Tuesday, February 18, 2014

Celebrating Presidents and Freedom and Stuff

On President's Day James and I decided to take a hike up to the top of our little town, Black Mountain.  Going up is a steep, straight shot, then coming down the trail loops and encircles the mountain, so needless to say, getting to the top means the hardest part is over (and cause for victory photos!).  We are both feeling it today, but it was fun!

Shutter speed is fun to play with ;)






"Look at that mountain back there, we hiked that!"

Beautiful sunrays poking through the neighborhood on the way home.

Friday, February 14, 2014

My Funny Valentine

Today was such a fun day--I spent the whole day with a smile on my face!  This morning I woke up to roses and a hot latte, followed by a movie in bed and an incredible massage.  My hubby sure knows how to make a morning!  Then we headed up to a local park for a picnic and photo shoot which got a little out of control and had us rolling around in tears from laughing so hard (sorry, none of these laugh-inducing photos will ever be released to the public).  Then we came home for a bit before cooking our amazing surf-n-turf dinner, followed by a night of blogging and watching the Olympics.  We sure are spoiled sometimes!  (Can I also publicly express how much I love playing around in Lightroom 5?!)

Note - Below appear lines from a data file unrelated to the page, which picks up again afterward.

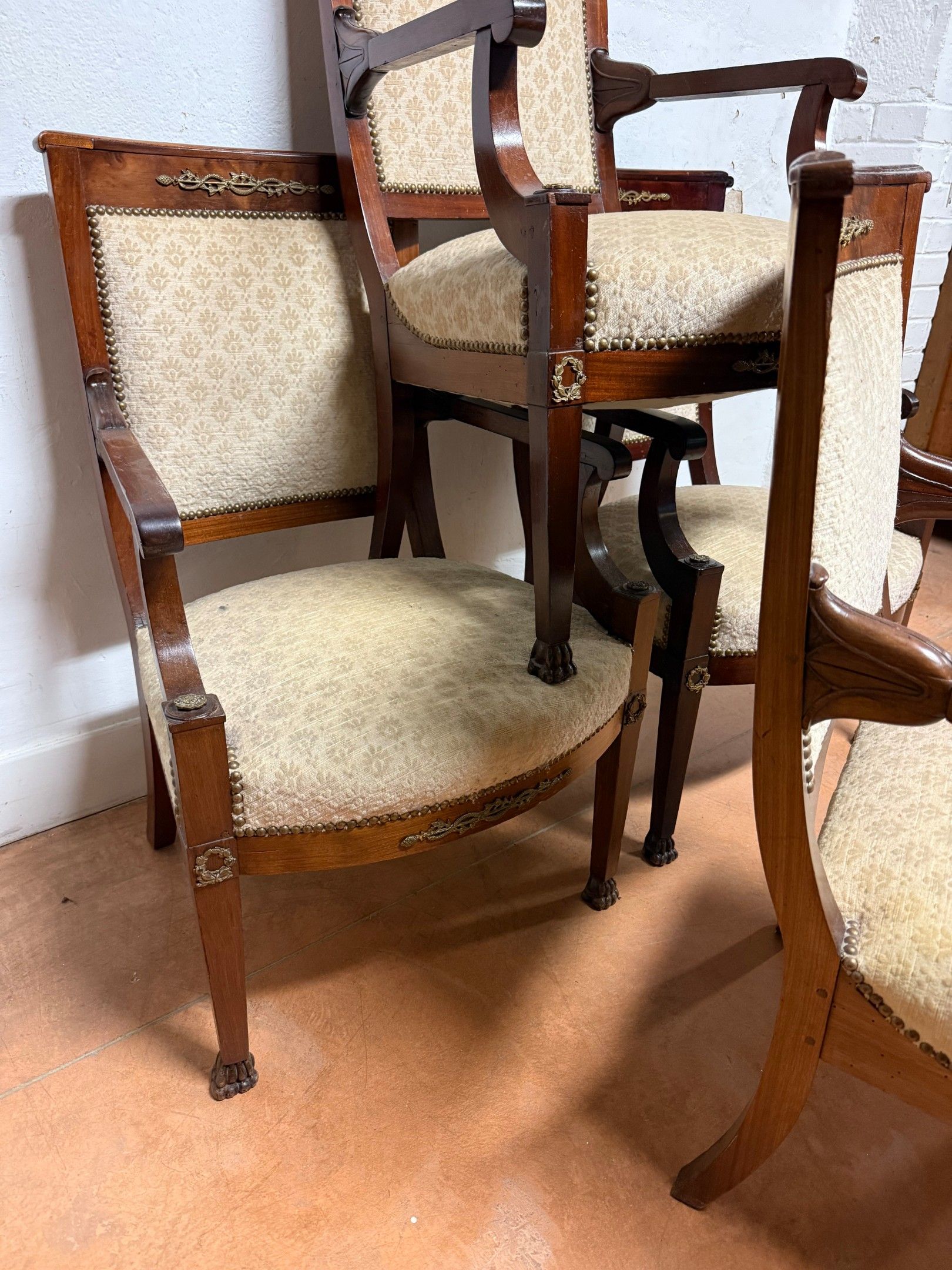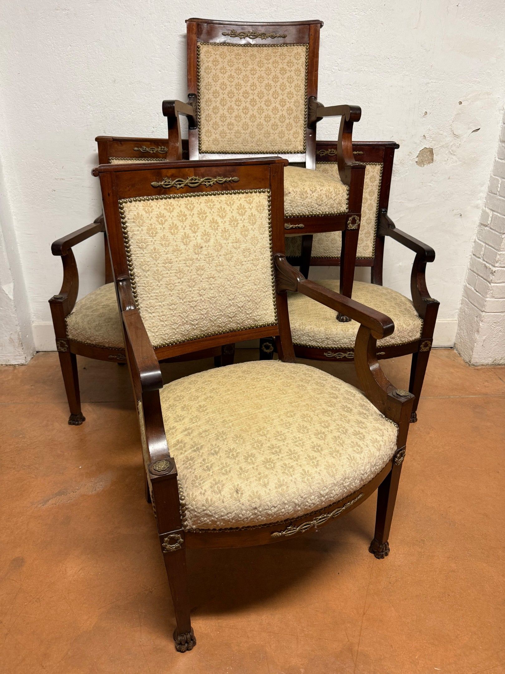 FOUR wooden armchairs with cream velvet upholstery, sheath legs and lion paw front legs. 90 x 50 cm. Wear from use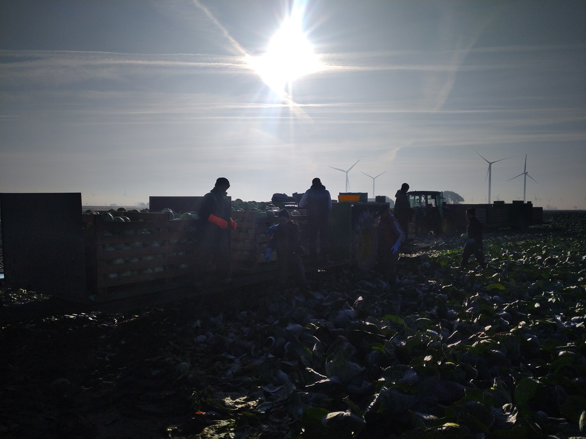 Am Montag hat bei uns auf dem Betrieb die Kohlernte begonnen. Mit den Erträgen und der Qualität sind wir bisher zufrieden. Bei der Ernte helfen uns sieben polnische Erntehelfer. Der Kohl wird dann bei Temperaturen kurz über dem Gefrierpunkt eingelagert.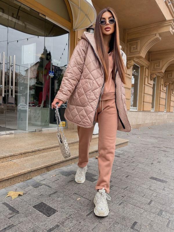 Куртка двусторонняя Размер 42-46 Беж, хакі Ткань плащевка стеганая (синтепон 150), теди

Am I lucky or what?!  Not only is he handsome but he has the patience of a saint and lets me test out my tripod for hours on end....  (And then cooks dinner!)



Dear James,
I know you read this blog sometimes so in case you are reading today, I'm sorry I posted kissing pictures on the internet, and that I made you take so many pictures in general, but you have to admit we had a good time.  Thank you for always loving me despite my crazy whims, and for always supporting my dreams and passions.   You are the only person who understand me, you're my favorite shoulder to cry on, and the only person who can make me laugh any time I'm sad.  I don't think I say it enough, but I don't know what I did to deserve you and I will probably spend the rest of my life trying to pay it back.  I love you so much my funny valentine, you are my hero!